Но лифт работал. Нажимая кнопку звонка, я молила Бога, чтобы Игорь сдал мне ребенка молча, потому что отчетливо понимала – если он что-нибудь вякнет, я устрою такой скандал с истерикой, что мало не покажется. Как говорит моя коллега – старший следователь городской прокуратуры Корунова, мягкая и женственная мать семейства – «Я, когда домой с работы прихожу, сразу домашних предупреждаю: прячьте ножи…»
К счастью, открыл мне не бывший муж, а ребенок, мокрый и запыхавшийся.
– Собирайся, Хрюндик, – сказала я, потрепав его вспотевшие вихры. – А чего ты такой взъерошенный?
– А мы с папой играли, – объявил мне Хрюндик, завязывая шнурки на кроссовках. – Мы соревновались.
– В чем?
– В чем? Бегали. То есть я бегал.
– То есть?
– Ну, папа придумал мне такое испытание: он поднимается к нам на лифте, а я бегу по лестнице, и кто быстрее добежит.
Ну вот, пробил мой час. Я задохнулась от возмущения.
– Игорь! – заорала я не своим голосом.
– Ну что? – В дверях появился бывший супруг в халате и шлепанцах. Уже успел переодеться. Заметает следы, злорадно подумала я.

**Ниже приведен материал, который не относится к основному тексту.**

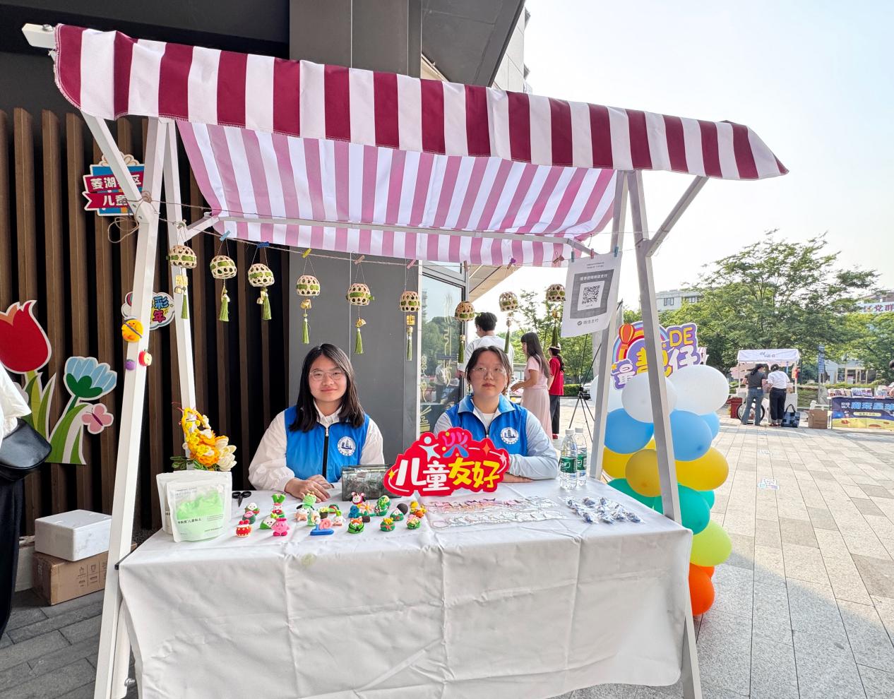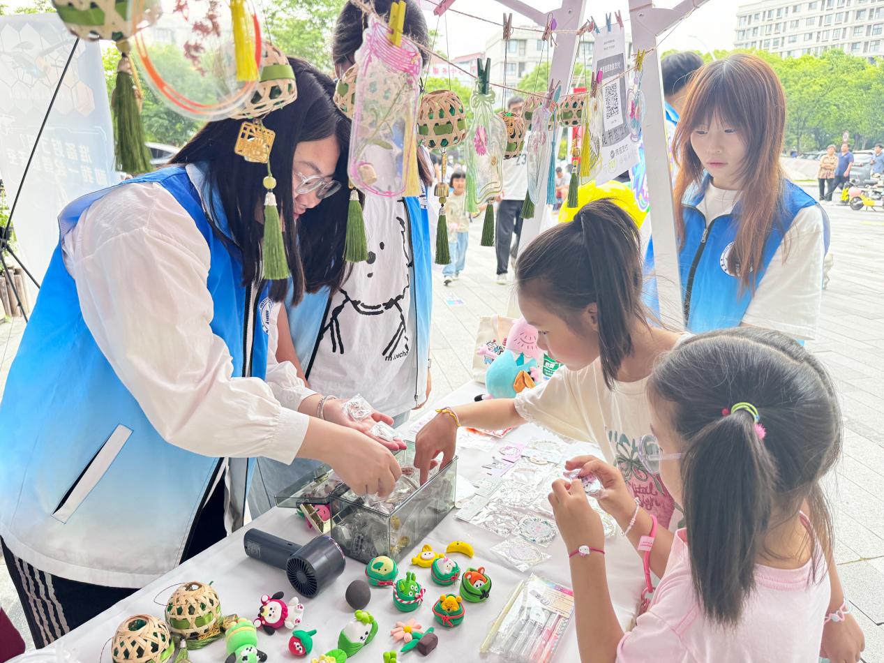 值得一提的是,此次爱心市集中,学院“悦享她力量”手作疗愈所带来的手作作品更是成为全场焦点,手串、黏土摆件、香囊等深受小朋友们的喜爱。同学们化身“金牌销售员”,热情满满地招揽着小顾客,她们有的拿着商品向路过的小朋友展示,认真介绍手工品的特点;有的推出了“买一送一”的优惠活动,引得小朋友们竞相驻足选购,好不热闹。手作疗愈所负责人金梁琪同学表示,将自己做的作品义卖帮助有需要的人,是一件十分有意义的事情。后面,“悦享她力量”手作疗愈所将会将义卖筹集的善款对接社区专项行动,更好地传递了爱心与温暖。
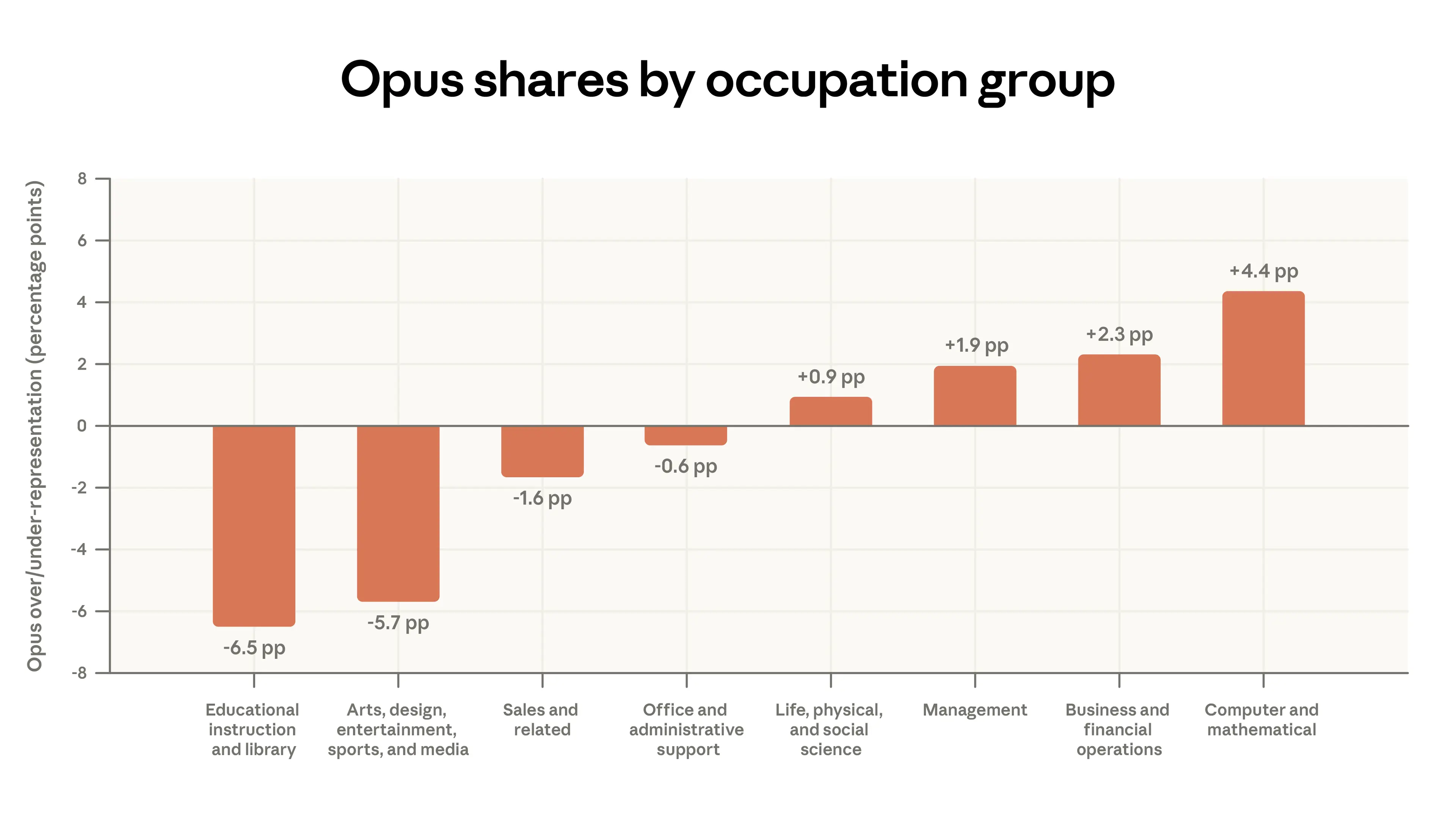 - Model selection matches the task. We show that users choose our most intelligent model class, Opus, for tasks that normally receive higher wages in the labor market. For example, among paying Claude.ai users, Opus is used 4 percentage points more than average for coding tasks and 7 percentage points less than average for tutoring-related tasks. This model switching is about twice as stark for API users.

– У тебя как с головой? – голосом тихой стервы начала я.
– Что еще? – подозрительно осведомился он, отступая в глубь квартиры.
Ага, подумала я, забоялся; ничего, сейчас получишь по полной программе…

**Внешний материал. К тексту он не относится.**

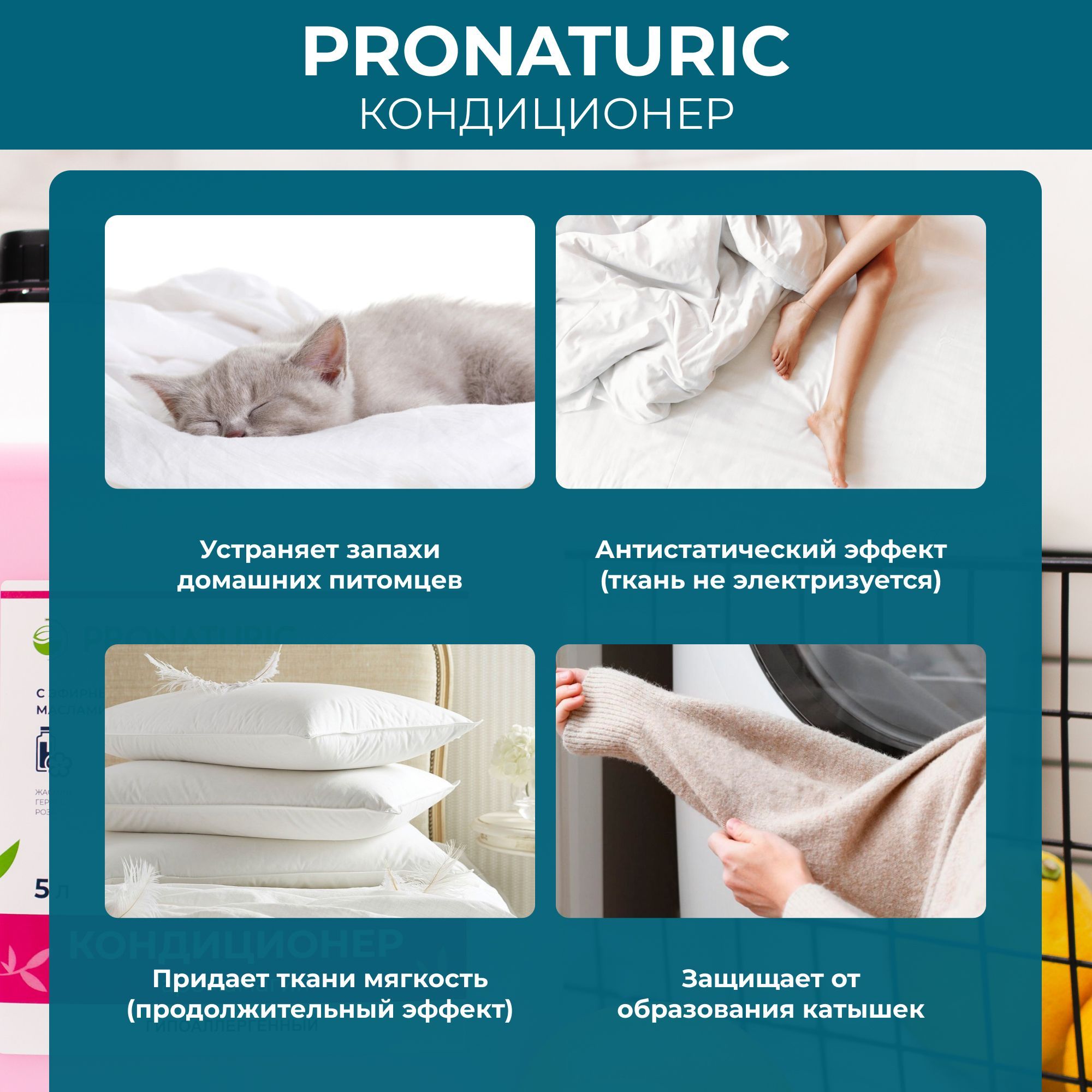 Особенности применения: Антистатический эффект, Не требует смывания водой, Эффективен в холодной воде, Гипоаллергенность, Антибактериальный эффект, Экосредство, Ароматизация, Концентрат, Увлажняющая формула

– Я хочу понять, ты полный идиот или у тебя еще есть шансы? Как у тебя ума хватило ребенка отправлять одного по этой вашей Богом забытой лестнице?! В вашем районе, где маньяк на маньяке сидит и маньяком погоняет?! Вместо того, чтобы глаз с него не спускать, ты… – Я не смогла продолжить, у меня навернулись слезы.
– А что такого? – искренне удивился Игорь.
– Ты действительно не понимаешь? Ты?! Подполковник милиции?
– Да что с ним может случиться? Успокойся, истеричка!
– Лучше быть истеричкой, чем болваном, которому на собственного ребенка наплевать! Гоша, собирайся! – заорала я еще громче и швырнула ребенку шапку.
Игорь покрутил пальцем у виска.
– Что, очередная любовь не удалась? Конечно, только я один мог тебя терпеть, больше дураков нет, – сказал он с иезуитским выражением лица. – Так ты на нас-то свое настроение не срывай.
Испуганный Хрюндик напялил вязаную шапку и вытянулся по стойке «смирно». Я схватила его за руку и потащила к лифту.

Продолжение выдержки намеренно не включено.